While this may be how I come to term with these contradicting ideas, I can’t help thinking that someone that I’ve gotten to know over the last week or so would have something to say to me about all that. I feel as much as I studied Arthur Schopenhauer’s ideas, and as much as I’ve taken a lot of his ideas into my own idea of suffering and pleasure, when it’s come down to this final distillation of the nature of suffering and its place in the world, we would disagree. Schopenhauer would say there can be no long term exclusion of suffering in our lives, only temporary moments of pleasure.  He would say that our human desires to live make it so that we are always going to suffer and that there is no way that we can have a life long pleasurable experience or experiences. We would agree in the fact that suffering is a negative thing, but while his thinking about it ends there, and through that he believes that life is ultimately a negative thing, we disagree where my belief in trying to turn suffering into a thing that may lead to less suffering comes into play.  The group I’ve been discussing these ideas with and their respective philosophers of study have some interesting opinions on this theme as well. Aman and her post on Anne Conway shows that Conway would agree with the side that suffering is pleasure, and that only through the inclusion of suffering may we experience pleasure. Aidan’s explanation of the Epicurean train of thinking shows that the Greek philosopher Epicurus saw suffering as an evil thing of the world, and something to be avoided at all cost. It’s amazing to see how different these ideas are on the same topic, but just how much they are connected to each other in the way of the process of coming to those different ideas.

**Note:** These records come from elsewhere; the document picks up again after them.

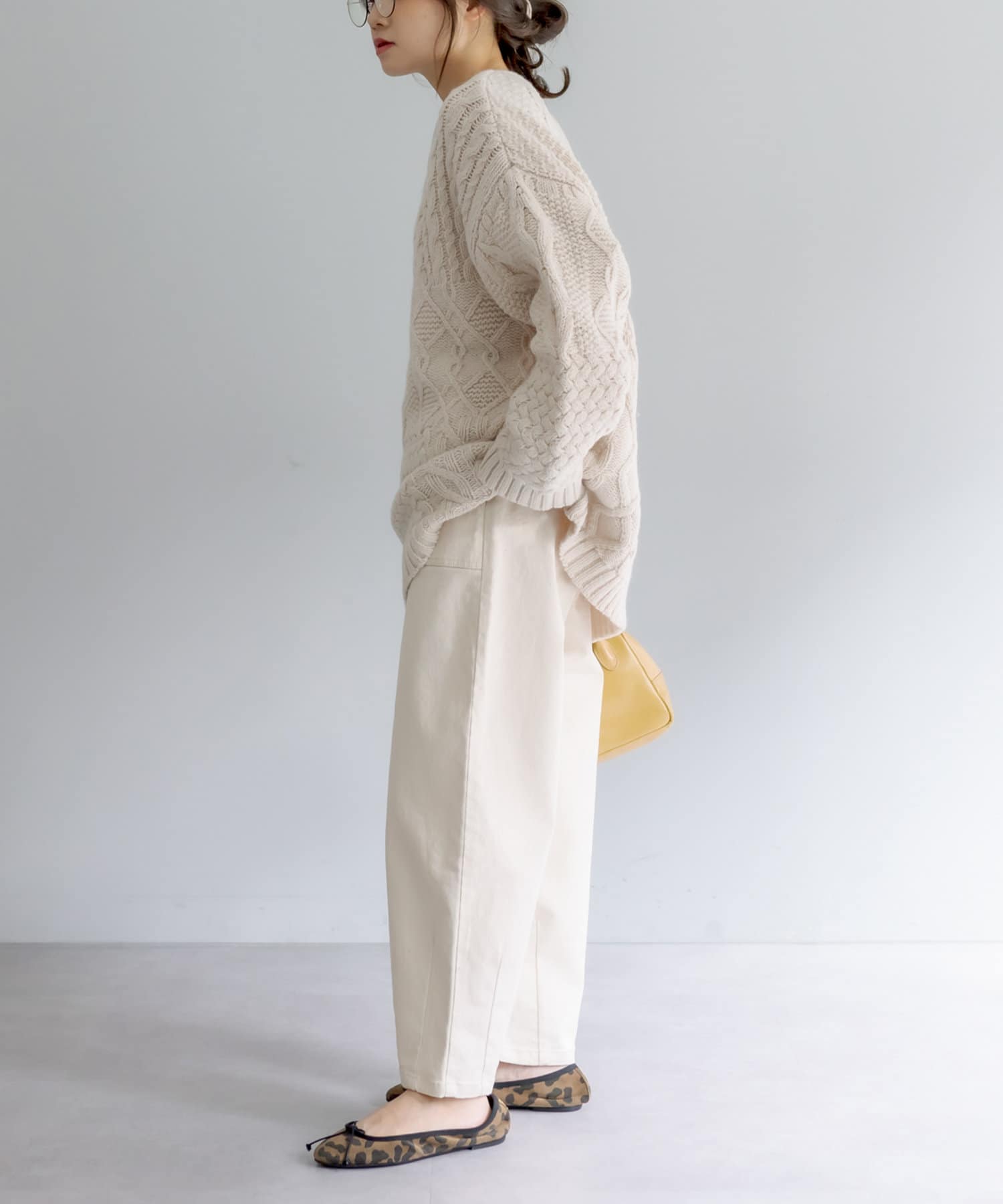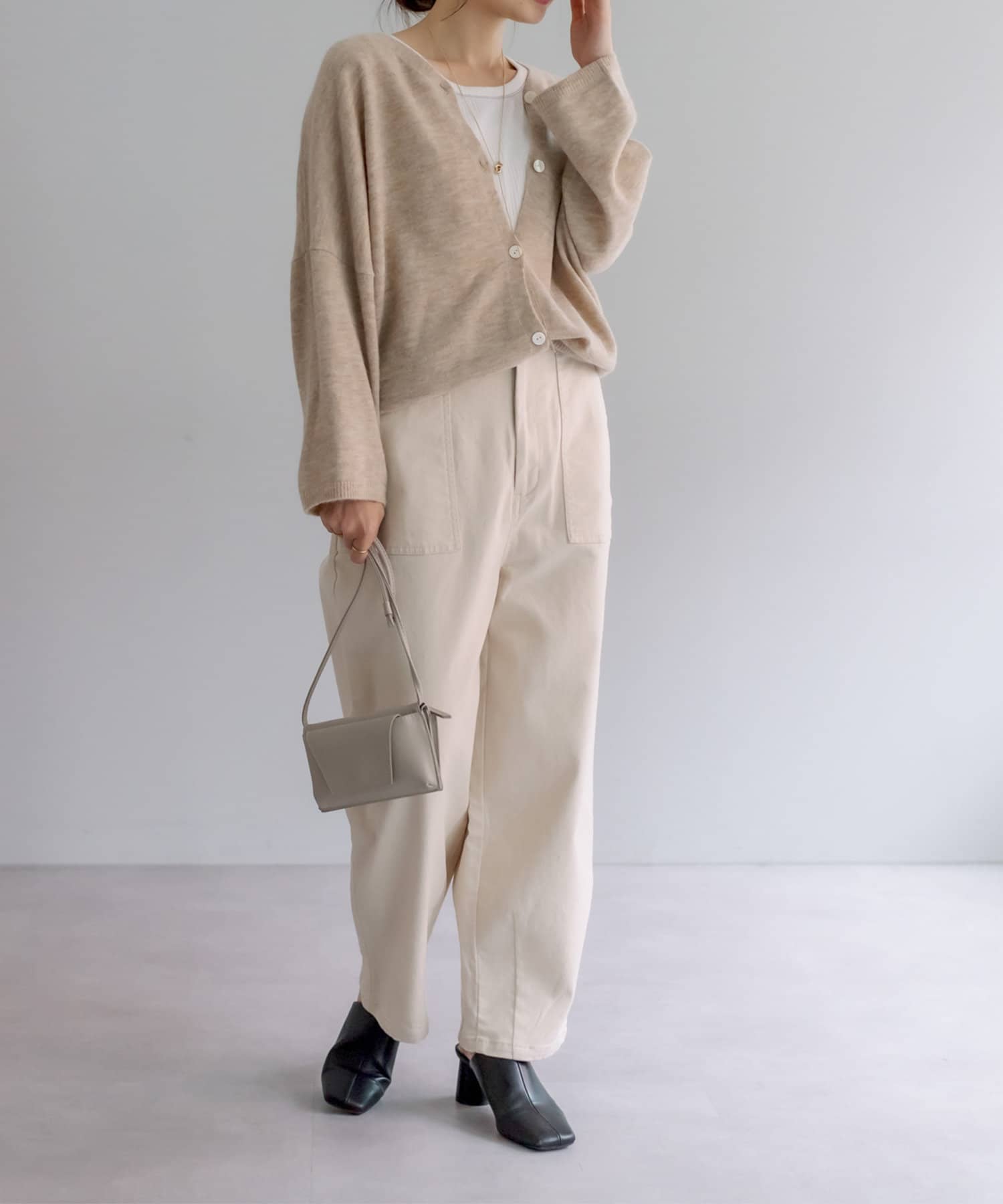 脚のラインを拾わないコクーン型で、バランスの良い着こなしを実現します。
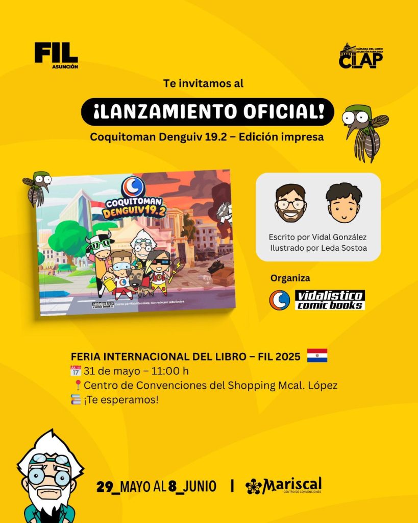 Este sábado 31 de mayo a las 11:00 h, la Feria Internacional del Libro de Asunción será escenario del esperado lanzamiento del nuevo número del cómic infantil “Coquitoman DENGUIv 19.2”.
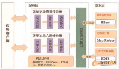 數據采集子系統對信令分析系統產生的用戶上網詳單數據進行實時解析,然后調用分布式數據框架hadoop的接口將數據導入到分布式數據庫中;分布式數據庫平臺建立在分布式文件系統HDFS之上,由HDFS負責文件的復制、校驗、備份等操作,分布式數據主要負責提供數據封裝接口,根據數據特點建立數據模型,實現keyvalue的數據庫查詢;數據的分析和挖掘子系統調用底層的分布式數據庫HBase接口,實現數據查詢、分析、展現等功能,同時給其他系統提供基本的功能接口。
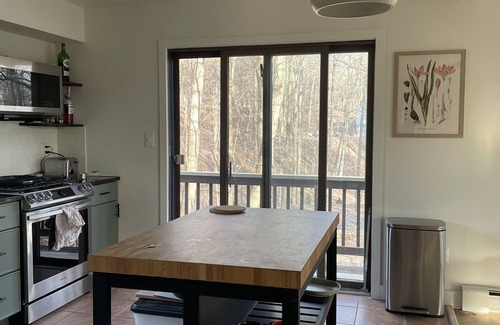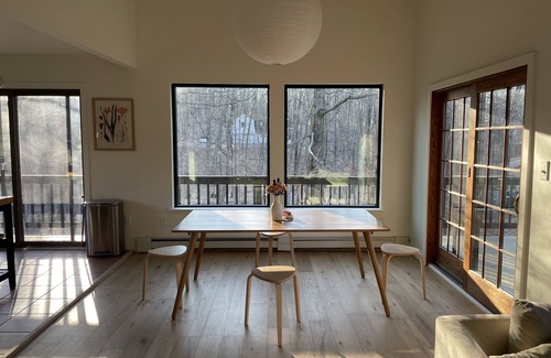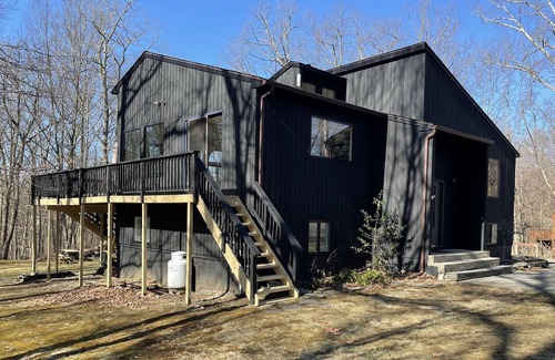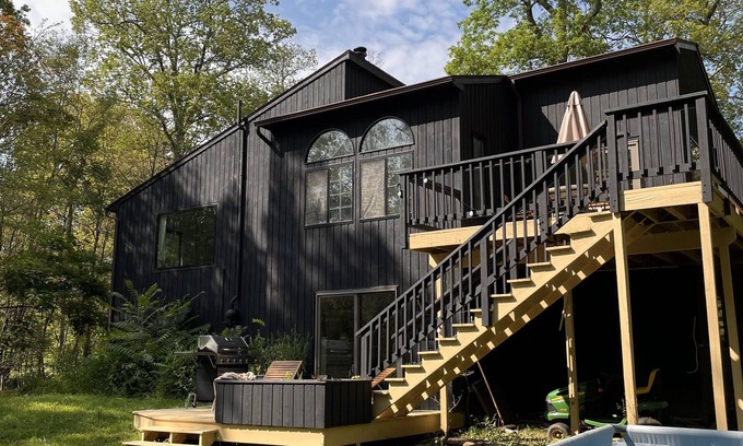 The Cabin at Hopewell is a spacious, serene, and comfort-first home in the Hudson Valley. This 2-acre property features mature oak trees, a creek, a 2-story wrap-around deck, an above-ground pool (May to September!), and all of the amenities you need for a getaway. Newly renovated, the house features natural hardwood floors throughout, extra-large windows to bring the outdoors in, 2 working spaces, and 2 living areas. You'll love this contemporary cabin with old-school character.

One day, I made a bus trek by bus up to household jam session as part of the Phils Day Off endeavor. I went up there to contemplate Schopenhauer’s ideas while enjoying some music (which, I’m sure, Schopenhauer would have been more than happy to participate in.) At the beginning of the night, a friend and fellow bass player took me over to the side to show me a trick that allowed the string’s on my bass life span to be extended, making it so that you wouldn’t have to buy strings as often. What he did was loosen the strings on the bass so that they were still on the instrument but loose enough that he could pull it up away from the fretboard a good distance. He loosened the string, and continue to pull the string up and then smack in back down onto the fretboard. He would do this over and over again on each string for a few minutes at a time. What this was doing, he later explained, was releasing all of the dead skin cells and extra debris that was caught in the strings, making it so that the strings became cleaner again, and thus could be repeated whenever the string would go dead or dull and wouldn’t need to be replaced as frequently. Other than being a sweet tip for a young-unemployed musician such as myself, it also came to be a great metaphor for all these talks of suffering and pleasure in my mind. You can look at life as a dead bass string, and you can view the debris as suffering. You can see it as Schopenhauer would, as something chokes life and ultimately makes life worthless. And no matter how much we clear up the debris temporarily, it will become dirty and dull again soon after. You can look at from one who would not worry about the suffering, and instead of focusing on the dirtiness of the string, would completely ignore it and go out and buy a new string right away. Or, you can look at it from the cleaning method that my friend taught me about the strings. Acknowledging the dirt and debris and how it’s affected you, and then turning it around and cleaning it up and turning it into something that is pleasurable.